# [Goal of the exercise]
Set down all of the entries below word for word, with the pictures left out.

START Excerpted records

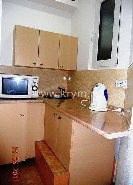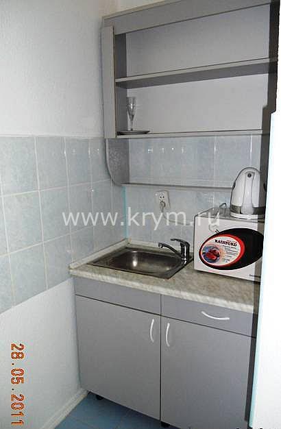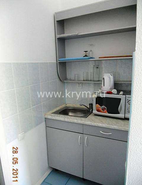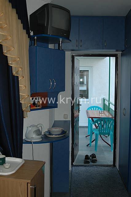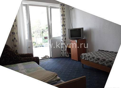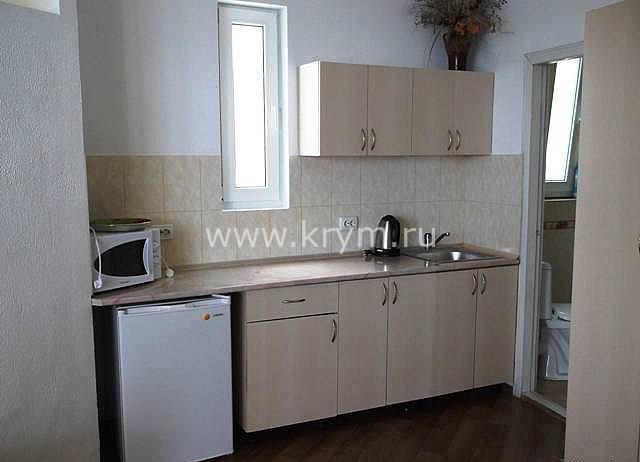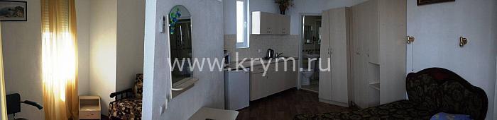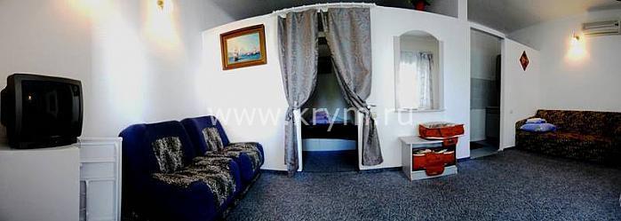 Однокомнатный 2-х местный номер+2места (2-х местная кровать и тахта), со всеми удобствами (кондиционер, кабельное ТВ, холодильник, унитаз, умывальник, душ, холодная,горячая вода круглосуточно, фен, чайник). Выход прямо на террасу для отдыха (где находится миникухня с посудой, установлены столы, стулья). С террасы вид на море и горы, игровую площадку и бассейн
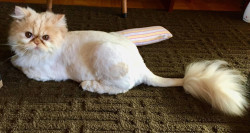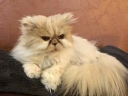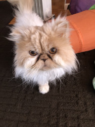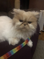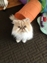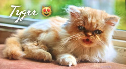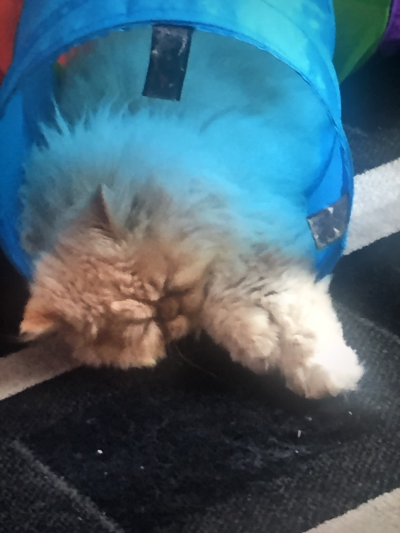 Tygrr is a Flame-Point Himalayan cat. He is 15 years old. He loves to play in his tunnel and toys. He can vibrate the floor with his purring
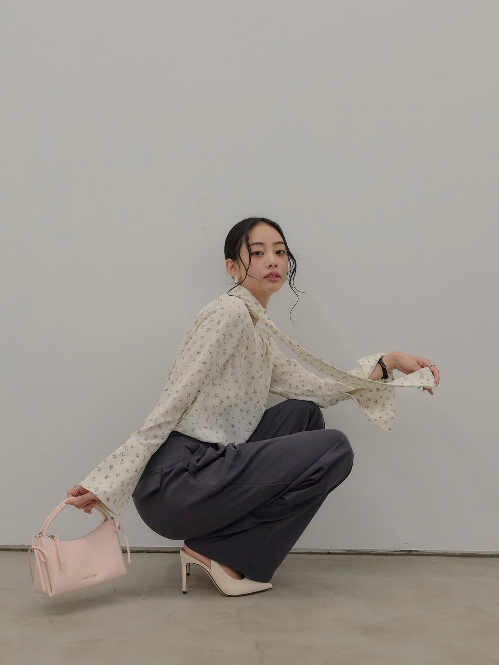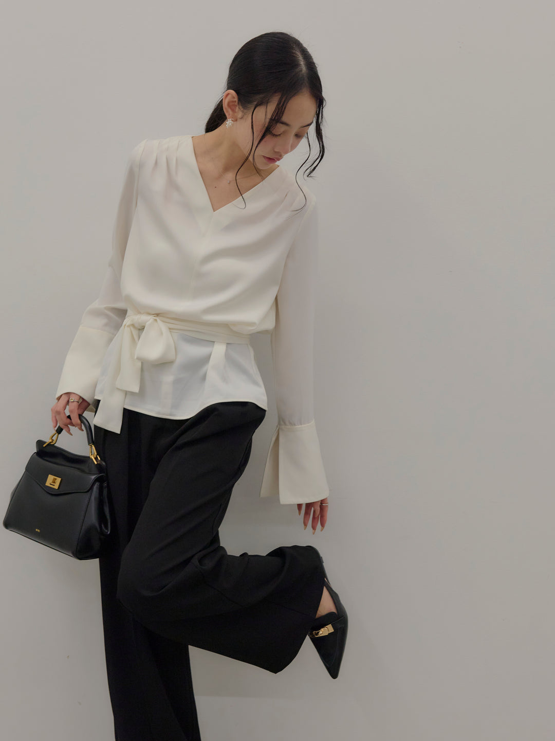 【SET】【Essential】2wayタイ付きベルスリーブサテンブラウス+ハイウエストセンタープレスワイドパンツ(2set)
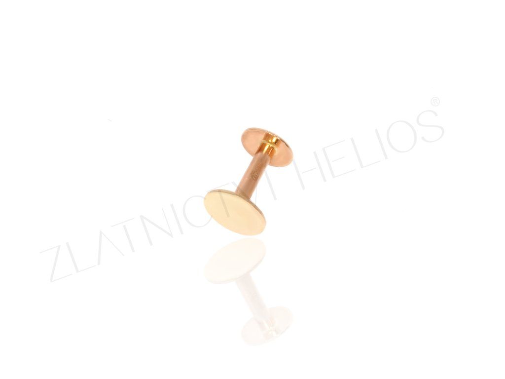 Piercing zlatá labreta, která je určena ke zdobení brady či ucha (helix). Závit je na šroubování.
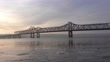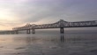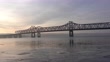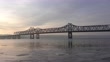A bridge spans over the icy Illinois River in Peoria, Illinois
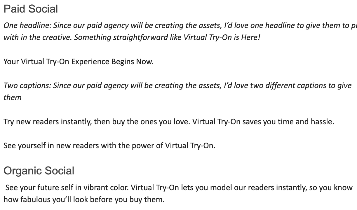 eyebobs, a fashion eyewear company with a unique brand voice, wanted to let their social subscribers know about a new feature on their website. They needed both paid social and organic social posts to tell people about the Virtual Try-On program.

END Excerpted records

# [Worked solution]
 Однокомнатный 2-х местный номер+2места (2-х местная кровать и тахта), со всеми удобствами (кондиционер, кабельное ТВ, холодильник, унитаз, умывальник, душ, холодная,горячая вода круглосуточно, фен, чайник). Выход прямо на террасу для отдыха (где находится миникухня с посудой, установлены столы, стулья). С террасы вид на море и горы, игровую площадку и бассейн
 Tygrr is a Flame-Point Himalayan cat. He is 15 years old. He loves to play in his tunnel and toys. He can vibrate the floor with his purring
 【SET】【Essential】2wayタイ付きベルスリーブサテンブラウス+ハイウエストセンタープレスワイドパンツ(2set)
 Piercing zlatá labreta, která je určena ke zdobení brady či ucha (helix). Závit je na šroubování.
A bridge spans over the icy Illinois River in Peoria, Illinois
 eyebobs, a fashion eyewear company with a unique brand voice, wanted to let their social subscribers know about a new feature on their website. They needed both paid social and organic social posts to tell people about the Virtual Try-On program.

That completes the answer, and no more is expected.